2.2 A l’appui de son recours, A._______ a considéré que c’était à tort que
le SEM n’était pas entré en matière sur sa demande d’asile. Tout en
admettant avoir exprimé clairement sa volonté de retourner en Guinée, il a
justifié ses propos y relatifs par le fait qu’il était très affecté par le décès de
son fils. Il a soutenu que, dans la mesure où il avait indiqué, lors de son
audition sur les motifs du 23 juin 2016, que son retour n’était pas sans
risque, le SEM aurait dû l’interroger plus en détail sur ses motifs d’asile.
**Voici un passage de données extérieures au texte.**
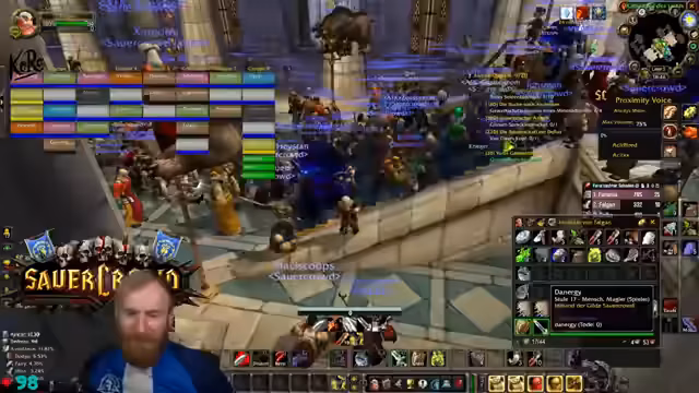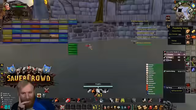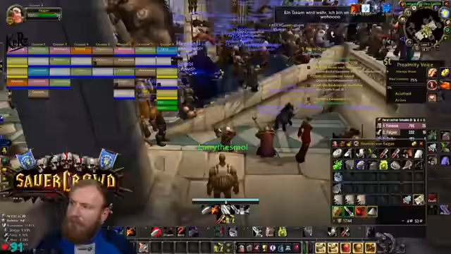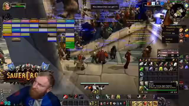 12:22:34Ein World Buff in Sturmwind wird in wenigen Minuten gecalled, was die Gruppe unter enormen Zeitdruck setzt. Der Streamer gerät in Panik, da die Gruppe nicht genug Geld für eine Portierung hat und auf riskante Weise das Ziel erreichen muss. Es kommt zu einem chaotischen und stressigen Versuch, den Buff noch rechtzeitig zu erreichen, wobei er seine große Sorge um das Wohl der Teilnehmer ausdrückt.

Cela étant, il a relevé avoir fait état d’une arrestation, laquelle entrait, selon
lui, dans la notion d’indice de persécution au sens large. Il a ajouté être
membre du « C._______ », avoir été arrêté en raison de son activité en
faveur de ce parti et informé par des camarades de celui-ci qu’il était
activement recherché par les autorités guinéennes. Il a ainsi requis l’entrée
en matière sur sa demande d’asile, afin qu’il puisse être entendu sur ses
motifs d’asile.
2.2.1 D’emblée, le Tribunal n’entend nullement mettre en doute l’émotion
qu’a pu susciter chez le prénommé la nouvelle – apprise peu de temps
avant son audition du 23 novembre 2015 – de la disparition tragique de
son fils. Il y a toutefois lieu de rappeler que le but de cette première audition
(également appelée audition sommaire ou audition sur les données
personnelles) est essentiellement d’identifier le requérant d’asile, le SEM
ayant alors la possibilité – et non l’obligation – de l’interroger, ceci de
manière sommaire, sur les motifs qui l’ont poussé à quitter son pays
E-2973/2017
Page 8
(cf. art. 26 al. 2 LAsi). Cela étant, le Tribunal constate que, sept mois après
cette première audition, soit le 23 juin 2016, l’intéressé a été entendu sur
ses motifs d’asile, au cours d’une audition au sens de l’art. 29 LAsi. Celui-ci
ne saurait donc prétendre à ce que le SEM entre en matière sur sa
demande d’asile pour ce motif. En outre, à la lecture du procès-verbal établi
à cette occasion, il ne ressort toutefois aucun élément permettant de
considérer que l’audition du 23 juin 2016 n’aurait pas été conduite de
manière adéquate, ni que A._______ aurait été empêché d’exposer, de
manière libre et spontanée, l’intégralité des faits l’ayant amené à requérir
l’asile. Le prénommé a d’ailleurs lui-même interrompu le cours de l’audition
mené par un collaborateur du SEM, étant désireux de dire « des choses »
au lieu de répondre aux questions qui lui étaient posées (cf. audition sur
les motifs du 23 juin 2016 question 25 p. 4). Il a alors réitéré qu’après avoir
appris le décès de son enfant, il avait, dans un premier temps, voulu rentrer
immédiatement en Guinée, mais avait finalement souhaité attendre la fin
du traitement qu’il suivait à Genève, et que tel était donc son
« programme » (cf. audition sur les motifs du 23 juin 2016 question 26 p. 4).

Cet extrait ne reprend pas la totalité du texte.